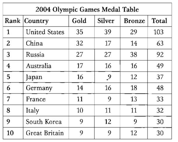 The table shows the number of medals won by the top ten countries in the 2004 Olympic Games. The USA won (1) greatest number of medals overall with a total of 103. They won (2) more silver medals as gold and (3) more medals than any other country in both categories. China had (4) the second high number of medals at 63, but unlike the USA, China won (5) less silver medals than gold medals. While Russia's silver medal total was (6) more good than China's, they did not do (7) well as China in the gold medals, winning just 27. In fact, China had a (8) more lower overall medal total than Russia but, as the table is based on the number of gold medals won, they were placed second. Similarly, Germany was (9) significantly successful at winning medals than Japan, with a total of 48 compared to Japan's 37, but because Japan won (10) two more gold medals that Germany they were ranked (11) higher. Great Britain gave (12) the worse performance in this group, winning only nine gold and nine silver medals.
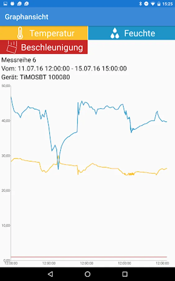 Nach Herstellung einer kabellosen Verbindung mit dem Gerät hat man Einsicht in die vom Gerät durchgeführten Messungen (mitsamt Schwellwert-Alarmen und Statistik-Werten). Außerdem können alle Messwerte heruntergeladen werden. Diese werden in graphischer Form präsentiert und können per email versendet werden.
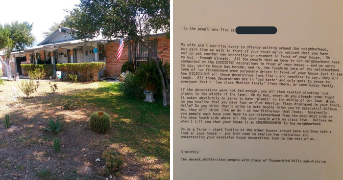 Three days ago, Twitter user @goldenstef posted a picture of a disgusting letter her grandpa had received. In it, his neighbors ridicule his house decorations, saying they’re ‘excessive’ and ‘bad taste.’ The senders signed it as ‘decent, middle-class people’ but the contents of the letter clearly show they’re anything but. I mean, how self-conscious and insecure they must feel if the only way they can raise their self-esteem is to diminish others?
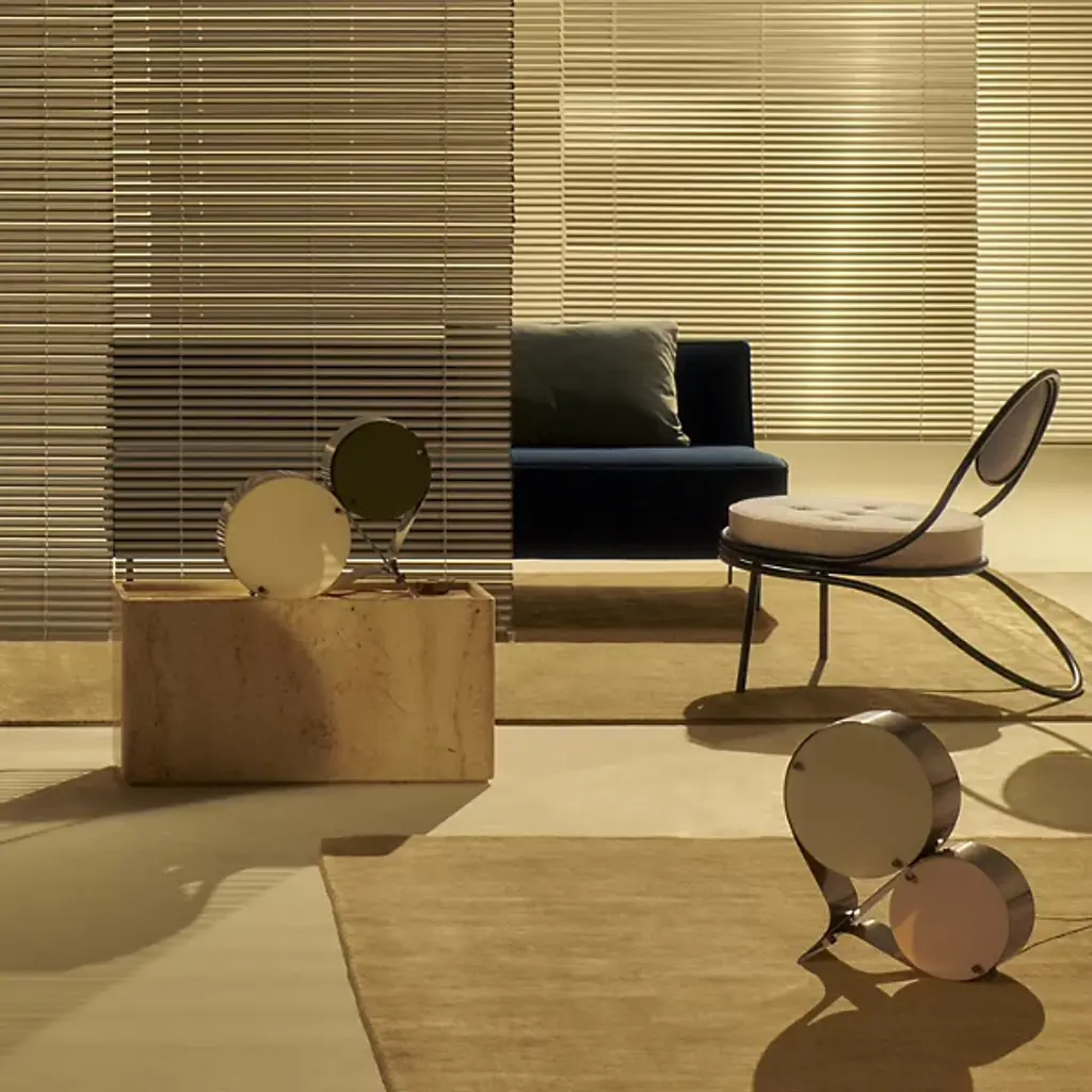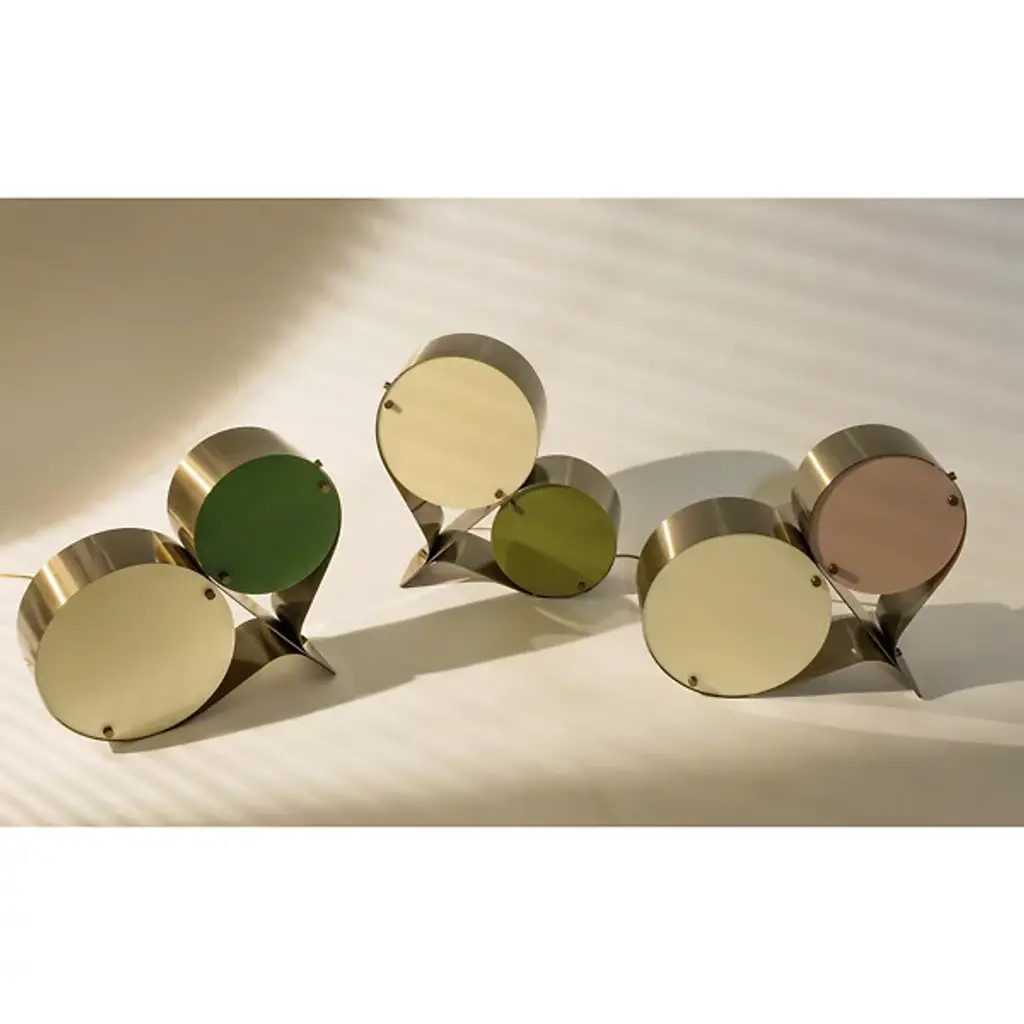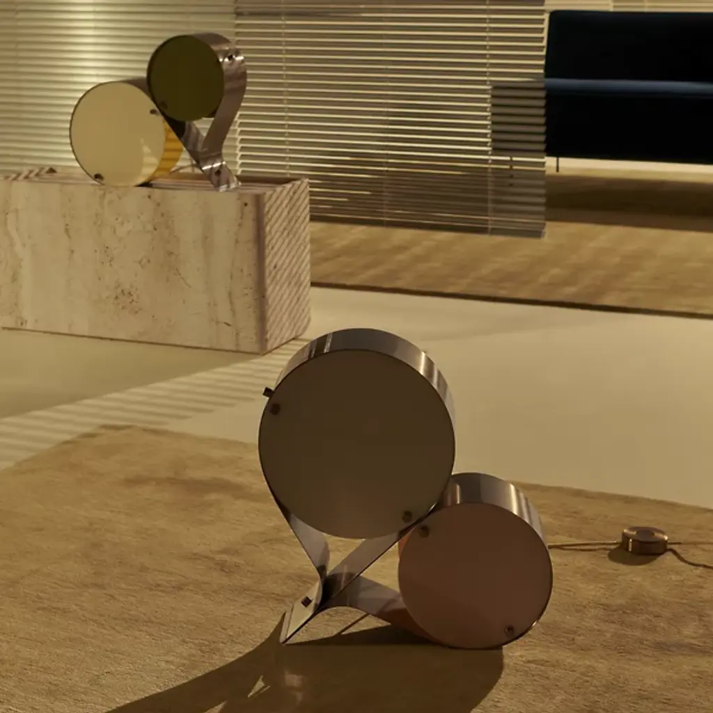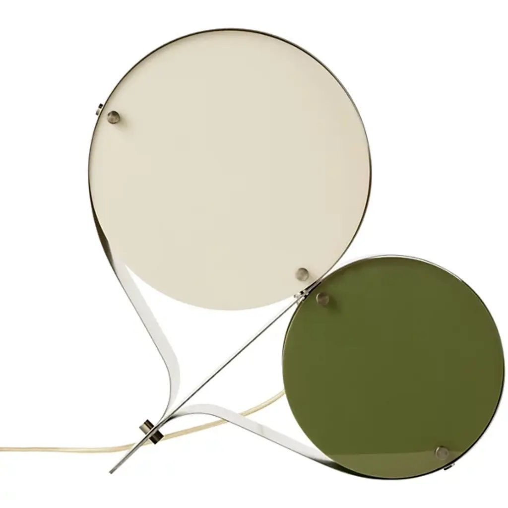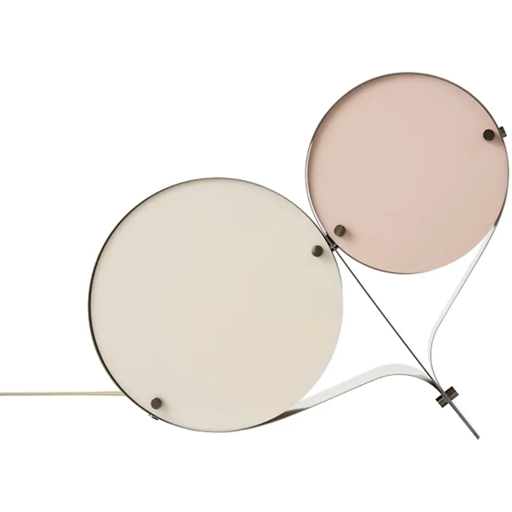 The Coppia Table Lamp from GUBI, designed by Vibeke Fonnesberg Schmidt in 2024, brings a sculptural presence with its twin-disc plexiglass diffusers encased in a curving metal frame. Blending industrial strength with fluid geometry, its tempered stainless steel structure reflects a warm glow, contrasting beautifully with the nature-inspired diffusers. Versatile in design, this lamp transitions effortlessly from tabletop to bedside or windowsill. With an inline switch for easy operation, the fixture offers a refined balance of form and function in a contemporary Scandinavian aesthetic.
====
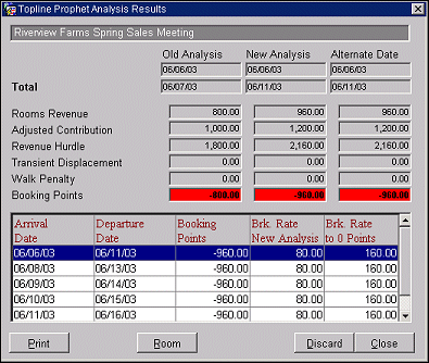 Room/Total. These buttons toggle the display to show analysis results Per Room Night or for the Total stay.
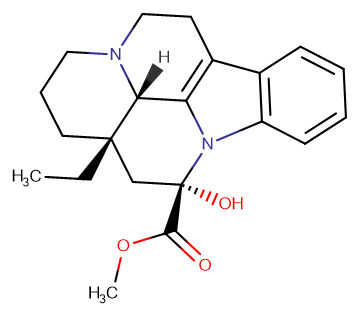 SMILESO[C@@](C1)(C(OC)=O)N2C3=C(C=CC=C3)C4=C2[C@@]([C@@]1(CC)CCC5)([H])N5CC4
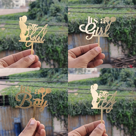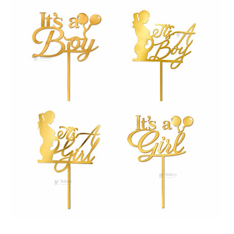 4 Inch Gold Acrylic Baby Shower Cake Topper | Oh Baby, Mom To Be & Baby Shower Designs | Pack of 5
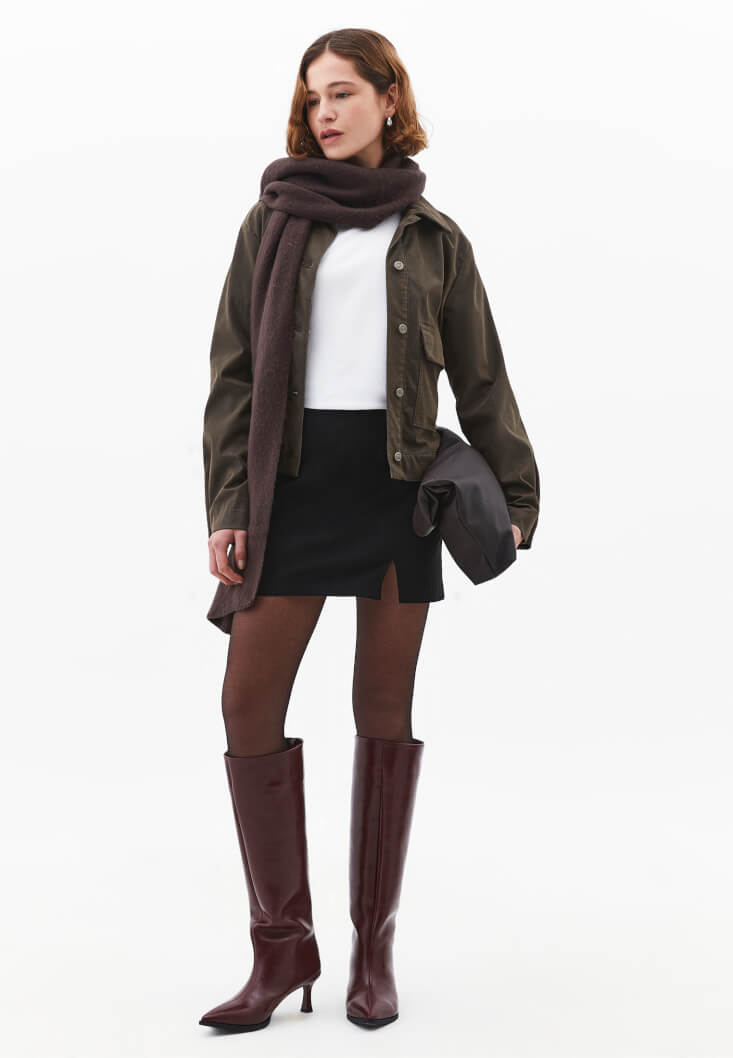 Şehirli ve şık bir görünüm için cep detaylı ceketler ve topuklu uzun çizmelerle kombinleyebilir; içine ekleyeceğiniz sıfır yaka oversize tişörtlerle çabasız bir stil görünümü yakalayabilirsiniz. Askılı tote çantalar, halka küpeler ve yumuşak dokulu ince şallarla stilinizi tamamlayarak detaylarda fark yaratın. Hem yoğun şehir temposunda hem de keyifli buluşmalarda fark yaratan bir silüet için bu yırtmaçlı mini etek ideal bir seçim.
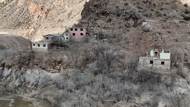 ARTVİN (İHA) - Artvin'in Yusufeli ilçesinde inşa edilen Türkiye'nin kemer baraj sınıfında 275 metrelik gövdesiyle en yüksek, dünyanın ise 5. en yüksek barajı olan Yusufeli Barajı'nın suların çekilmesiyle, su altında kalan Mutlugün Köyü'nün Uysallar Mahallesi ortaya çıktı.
====
Brief — Taking the entries above, extract every line from the one bearing "The table shows" through the one bearing "Nach Herstellung einer", exactly, with no pictures.

Your response —
 The table shows the number of medals won by the top ten countries in the 2004 Olympic Games. The USA won (1) greatest number of medals overall with a total of 103. They won (2) more silver medals as gold and (3) more medals than any other country in both categories. China had (4) the second high number of medals at 63, but unlike the USA, China won (5) less silver medals than gold medals. While Russia's silver medal total was (6) more good than China's, they did not do (7) well as China in the gold medals, winning just 27. In fact, China had a (8) more lower overall medal total than Russia but, as the table is based on the number of gold medals won, they were placed second. Similarly, Germany was (9) significantly successful at winning medals than Japan, with a total of 48 compared to Japan's 37, but because Japan won (10) two more gold medals that Germany they were ranked (11) higher. Great Britain gave (12) the worse performance in this group, winning only nine gold and nine silver medals.
 Nach Herstellung einer kabellosen Verbindung mit dem Gerät hat man Einsicht in die vom Gerät durchgeführten Messungen (mitsamt Schwellwert-Alarmen und Statistik-Werten). Außerdem können alle Messwerte heruntergeladen werden. Diese werden in graphischer Form präsentiert und können per email versendet werden.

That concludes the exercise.